__Records to process__:
>>>>

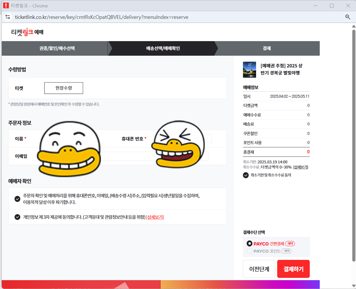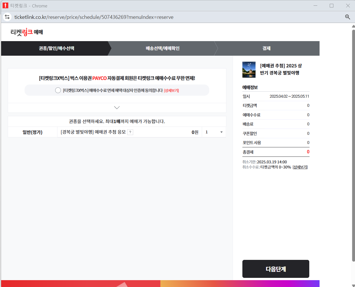 4) 인터넷 예매 진행: 결제하기 버튼을 누르고 결제 진행(0원)하면 되요. 인터넷 예매 단계에서는 실제 결제가 이루어지지 않아요.
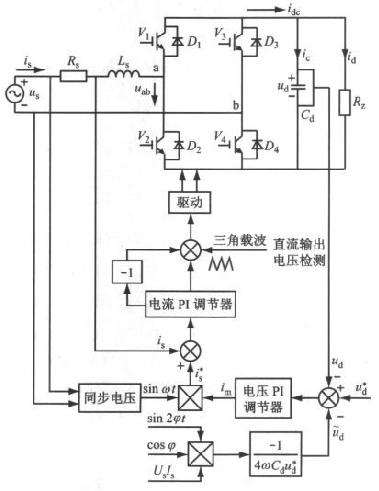 單相全橋電壓型PWM 整流器選擇響應(yīng)速度較快的三角波電流比較法作為控制策略。因反饋到電壓外環(huán)的輸出電壓含有紋波電壓,而紋波電壓的存在將導(dǎo)致電流內(nèi)環(huán)的給定電流發(fā)生畸變,因此本文采用補(bǔ)償輸出直流電壓中紋波電壓的方法[4]來減少流入電壓控制環(huán)的紋波電壓,從而改善給定電流的波形。按照以上原理設(shè)計(jì)的單相全橋電壓型PWM整流器的控制系統(tǒng)結(jié)構(gòu)如圖4所示。
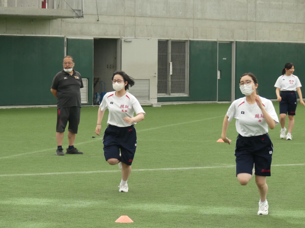 午後は、体育大会の練習をしました。ラジオ体操では、伸ばすところはしっかり伸ばすよう指示がありました。その後、50m走の計測をしました。少し恥ずかしそうにしながらも、真剣に走っていました。
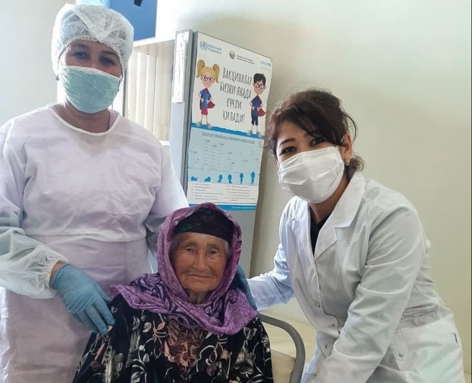 Қашқадарёлик 91 ёшли онахон коронавирусга қарши эмланди
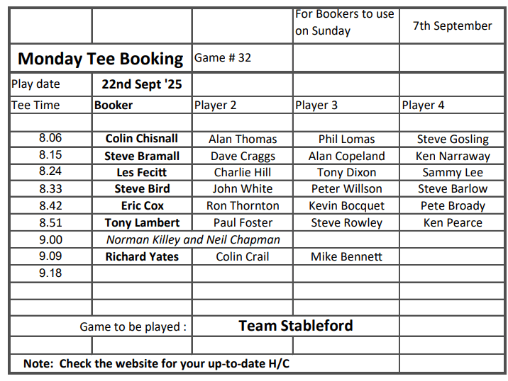 Happy Mondays tee-booking schedule for Sunday 7 September

<<<<

__Task to complete__: Each line from the one that holds "午後は、体育大会の練習をしま" through the final line of the data must be retyped exactly; the pictures must not appear.

__Exercise output__:
 午後は、体育大会の練習をしました。ラジオ体操では、伸ばすところはしっかり伸ばすよう指示がありました。その後、50m走の計測をしました。少し恥ずかしそうにしながらも、真剣に走っていました。
 Қашқадарёлик 91 ёшли онахон коронавирусга қарши эмланди
 Happy Mondays tee-booking schedule for Sunday 7 September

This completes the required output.